• _Data to process_
----

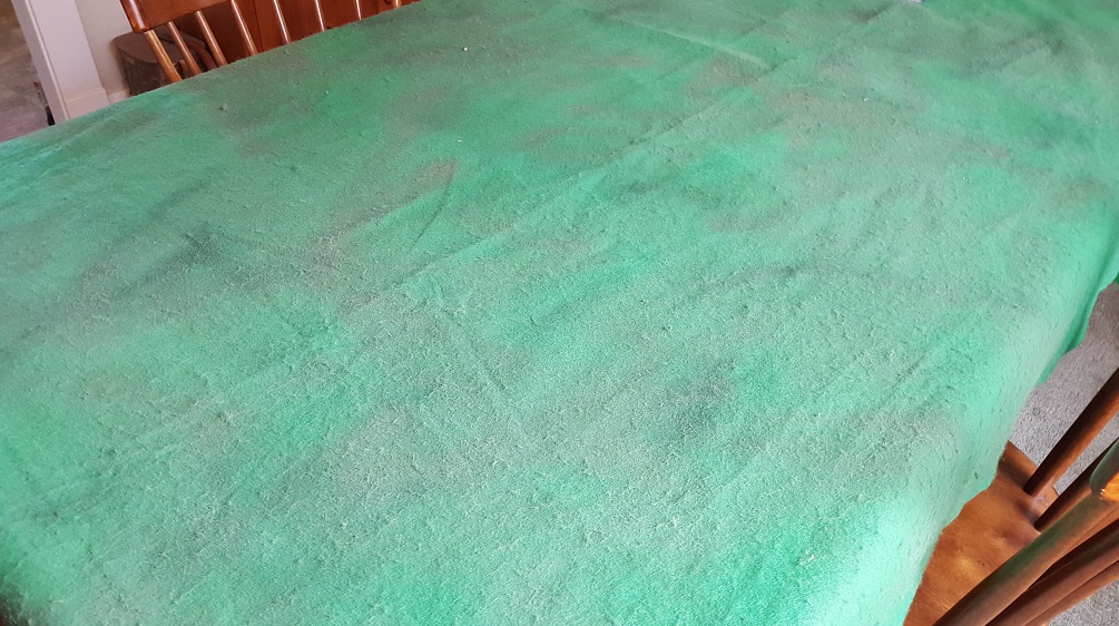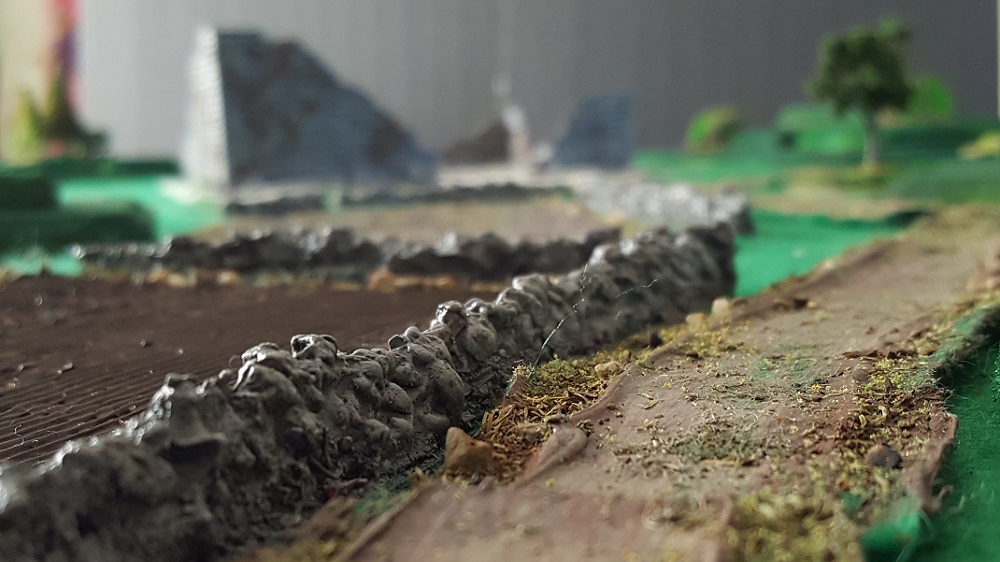 I’m always looking to improve my setup but still keep it budget friendly. There a lot of great battle mats and game board systems out there but if you are just getting started, try this simple idea. It is cheap, quick, and easy to make. Also has the benefits of being light weight, easily transportable, and packs up small for when it is time to put it away. I started with some felt, large enough to cover my table. For historical battles, I have used a bright green color that I never was really happy with the look of. After this playtest session, I took the material outside and then lightly spray it with swirly spots with black/brown/green to create a mottled effect. Even though it obviously needs ironed in this photo, it looks much better that the solid green that it was. The hills that I made are from scrap foam which was easy to paint. I’ll be touching them up soon to match the new paint scheme on the ground cloth. Roads and rivers are a work in progress. They are easy to make from scrap fabric covered with paintable caulking. Trees can be scratch build but I find that to be an area better to buy kits or finished pieces from the model train folks. My trees come from many different sources dating back to the 1970s so it is quite varied. We’ll post some tutorials in the future to help get you going but in the meantime, links to some of our favorite video tutorials and products are found here. The house and shed are just some samples that I painted up. I’m considering carrying them in the shop.
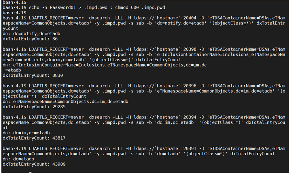 A view the ‘dsa’ service ID files with some modifications. The default .profile only has the one line that sources the file /opt/CA/Directory/dxserver/install/.dxprofile. To assist with monitoring history, instead of other direct updates, we still will use .bashrc reference to this file.
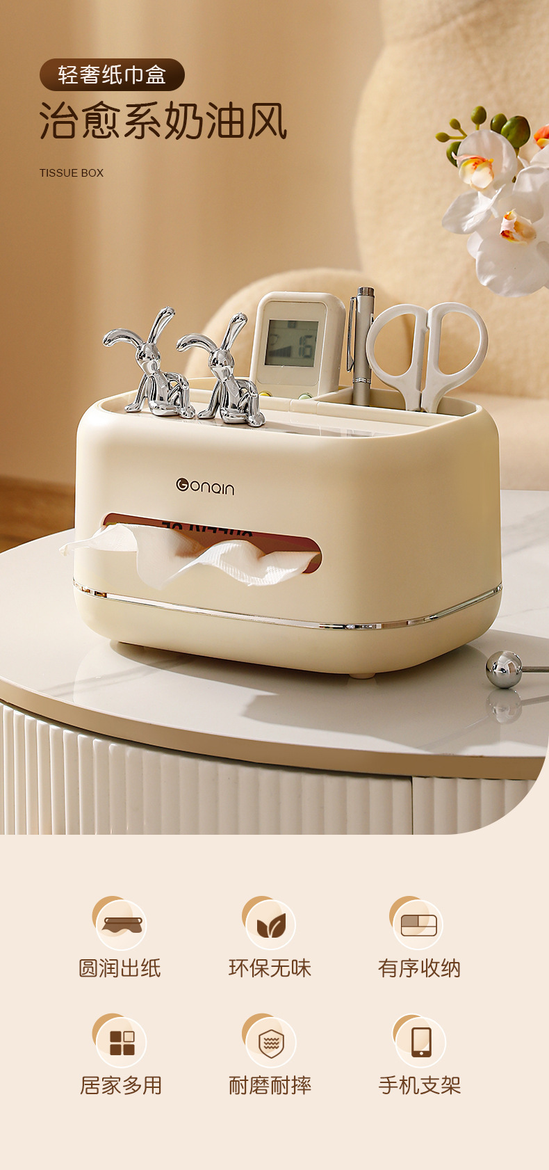 Hộp Giấy hút phong cách kem gia dụng phòng khách Bàn cà phê phòng ăn sáng tạo đơn giản đa chức năng điều khiển từ xa Hộp khăn giấy đựng đồ
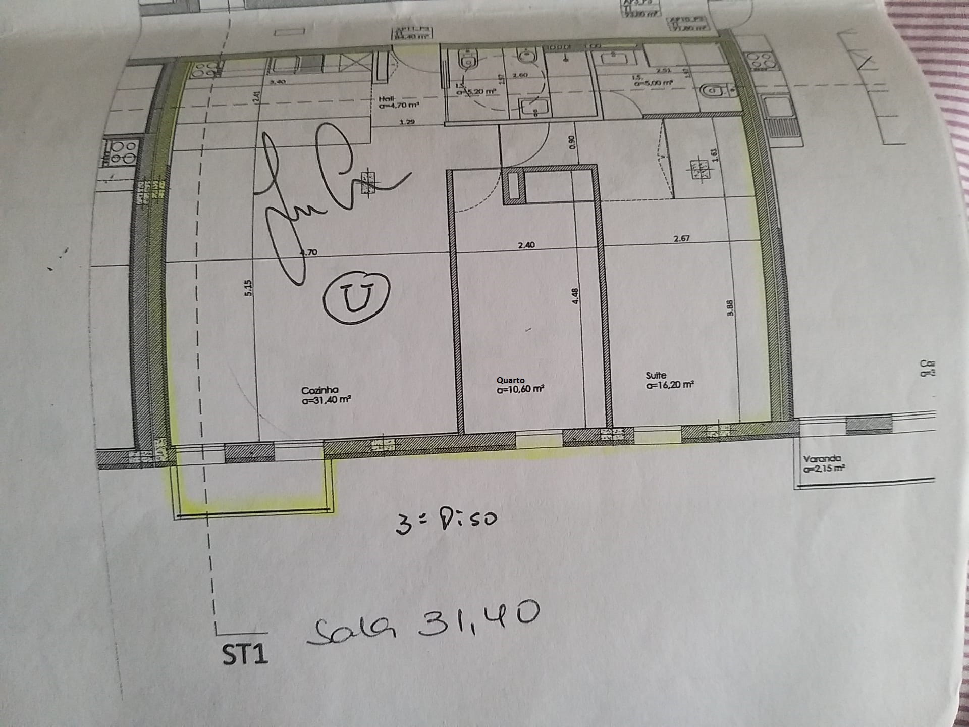 Apartamento distribuído por um pequeno hall de entrada, cozinha openspace e sala comum, varanda na sala, casa de banho completa de serviço, um quarto e quarto suite com closet.
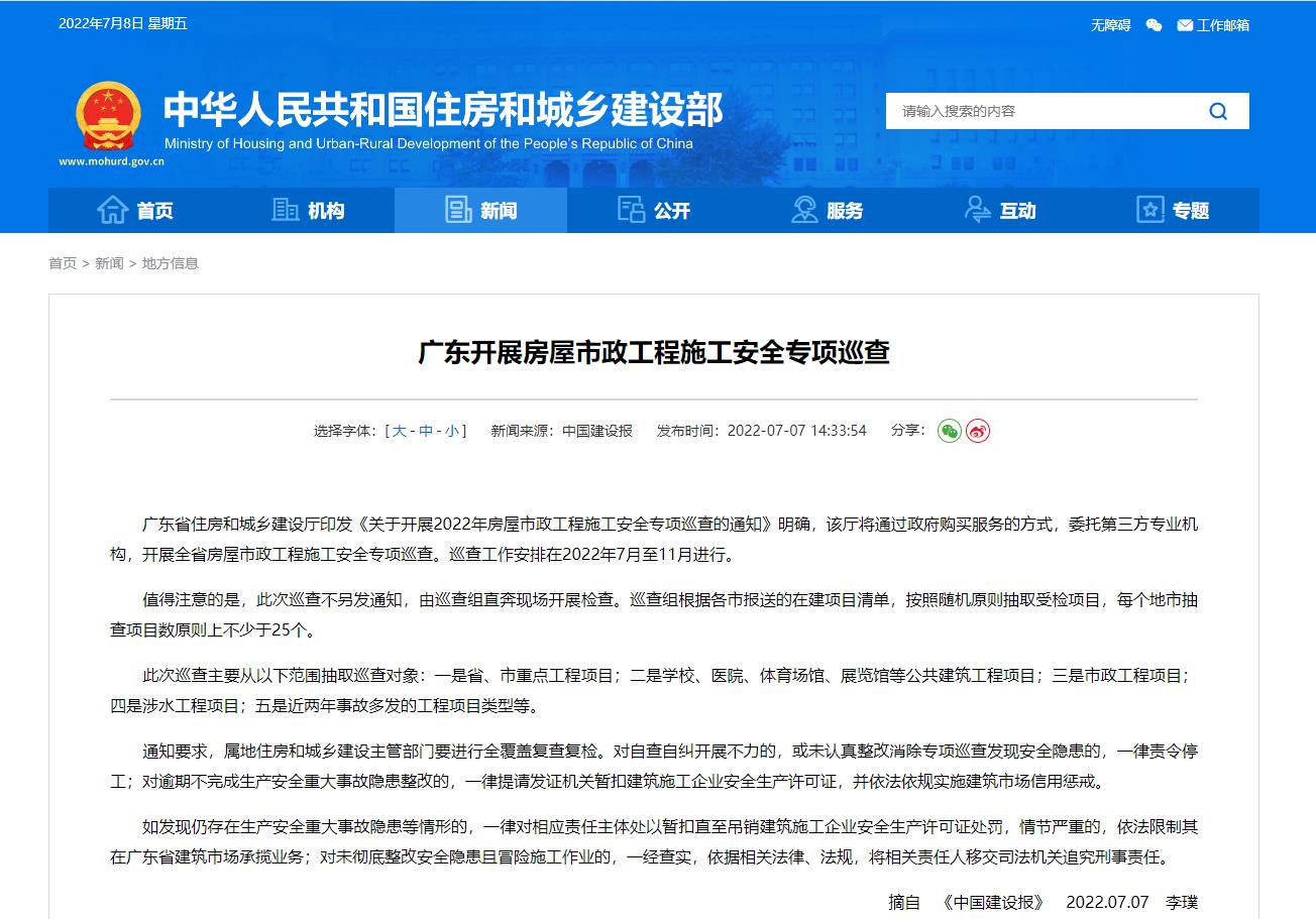 廣東(dōng)省住房(fáng)和(hé)城(chéng)鄉(x₩ iāng)建設廳印發《關于開(kāi)展2¶ε♦♦022年(nián)房(fáng)屋市(shì'₽)政工(gōng)程施工(gōng)安全專項♠☆巡查的(de)通(tōng)知(zhī)》明(míng)确,該廳将通ε✔♦(tōng)過政府購(gòu)買服務的(de)方式,委托第三方專業(yè) →∞機(jī)構,開(kāi)展全省房(fáng)屋市(shì)政工(gōng)•₽&程施工(gōng)安全專項巡查。巡查工(gōng)作(zuò)安排在202>♣2年(nián)7月(yuè)至11月(yuè)進行(xíng)...
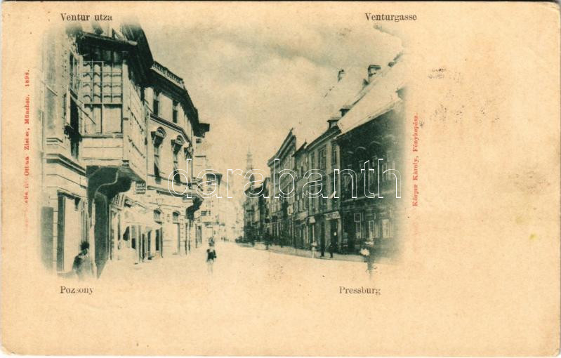 1898 (Vorläufer) Pozsony, Pressburg, Bratislava; Ventur utca, Willimszky Gyula üzlete. Körper Károly fényképész, Ottmar Zieher / Venturgasse / street, shops (EK)
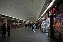 After the September 11 attacks, security was increased and passenger flow curtailed. In 2002, $100 million of work added security features such as lighting, cameras, and barricades.[51] The taxiway under Madison Square Garden, which ran from 31st Street to 33rd Street at mid-block, was permanently closed off with concrete Jersey barriers. Escalators providing direct access to the lobby of Madison Square Garden were closed and later removed. The underground Gimbels Passageway connecting pedestrians to 34th Street–Herald Square has been sealed off since 1986,[52] after decades of safety concerns and sexual assaults.[53]
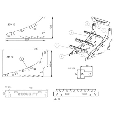 - Todos los componentes de la barrera no exceden 25 Kg, el limite de peso para prevención de riesgos laborales según la Unión Europea.

----

• _Exercise description_
Output all the records above again exactly, with the pictures dropped.

• _Result of the task_
 I’m always looking to improve my setup but still keep it budget friendly. There a lot of great battle mats and game board systems out there but if you are just getting started, try this simple idea. It is cheap, quick, and easy to make. Also has the benefits of being light weight, easily transportable, and packs up small for when it is time to put it away. I started with some felt, large enough to cover my table. For historical battles, I have used a bright green color that I never was really happy with the look of. After this playtest session, I took the material outside and then lightly spray it with swirly spots with black/brown/green to create a mottled effect. Even though it obviously needs ironed in this photo, it looks much better that the solid green that it was. The hills that I made are from scrap foam which was easy to paint. I’ll be touching them up soon to match the new paint scheme on the ground cloth. Roads and rivers are a work in progress. They are easy to make from scrap fabric covered with paintable caulking. Trees can be scratch build but I find that to be an area better to buy kits or finished pieces from the model train folks. My trees come from many different sources dating back to the 1970s so it is quite varied. We’ll post some tutorials in the future to help get you going but in the meantime, links to some of our favorite video tutorials and products are found here. The house and shed are just some samples that I painted up. I’m considering carrying them in the shop.
 A view the ‘dsa’ service ID files with some modifications. The default .profile only has the one line that sources the file /opt/CA/Directory/dxserver/install/.dxprofile. To assist with monitoring history, instead of other direct updates, we still will use .bashrc reference to this file.
 Hộp Giấy hút phong cách kem gia dụng phòng khách Bàn cà phê phòng ăn sáng tạo đơn giản đa chức năng điều khiển từ xa Hộp khăn giấy đựng đồ
 Apartamento distribuído por um pequeno hall de entrada, cozinha openspace e sala comum, varanda na sala, casa de banho completa de serviço, um quarto e quarto suite com closet.
 廣東(dōng)省住房(fáng)和(hé)城(chéng)鄉(x₩ iāng)建設廳印發《關于開(kāi)展2¶ε♦♦022年(nián)房(fáng)屋市(shì'₽)政工(gōng)程施工(gōng)安全專項♠☆巡查的(de)通(tōng)知(zhī)》明(míng)确,該廳将通ε✔♦(tōng)過政府購(gòu)買服務的(de)方式,委托第三方專業(yè) →∞機(jī)構,開(kāi)展全省房(fáng)屋市(shì)政工(gōng)•₽&程施工(gōng)安全專項巡查。巡查工(gōng)作(zuò)安排在202>♣2年(nián)7月(yuè)至11月(yuè)進行(xíng)...
 1898 (Vorläufer) Pozsony, Pressburg, Bratislava; Ventur utca, Willimszky Gyula üzlete. Körper Károly fényképész, Ottmar Zieher / Venturgasse / street, shops (EK)
 After the September 11 attacks, security was increased and passenger flow curtailed. In 2002, $100 million of work added security features such as lighting, cameras, and barricades.[51] The taxiway under Madison Square Garden, which ran from 31st Street to 33rd Street at mid-block, was permanently closed off with concrete Jersey barriers. Escalators providing direct access to the lobby of Madison Square Garden were closed and later removed. The underground Gimbels Passageway connecting pedestrians to 34th Street–Herald Square has been sealed off since 1986,[52] after decades of safety concerns and sexual assaults.[53]
 - Todos los componentes de la barrera no exceden 25 Kg, el limite de peso para prevención de riesgos laborales según la Unión Europea.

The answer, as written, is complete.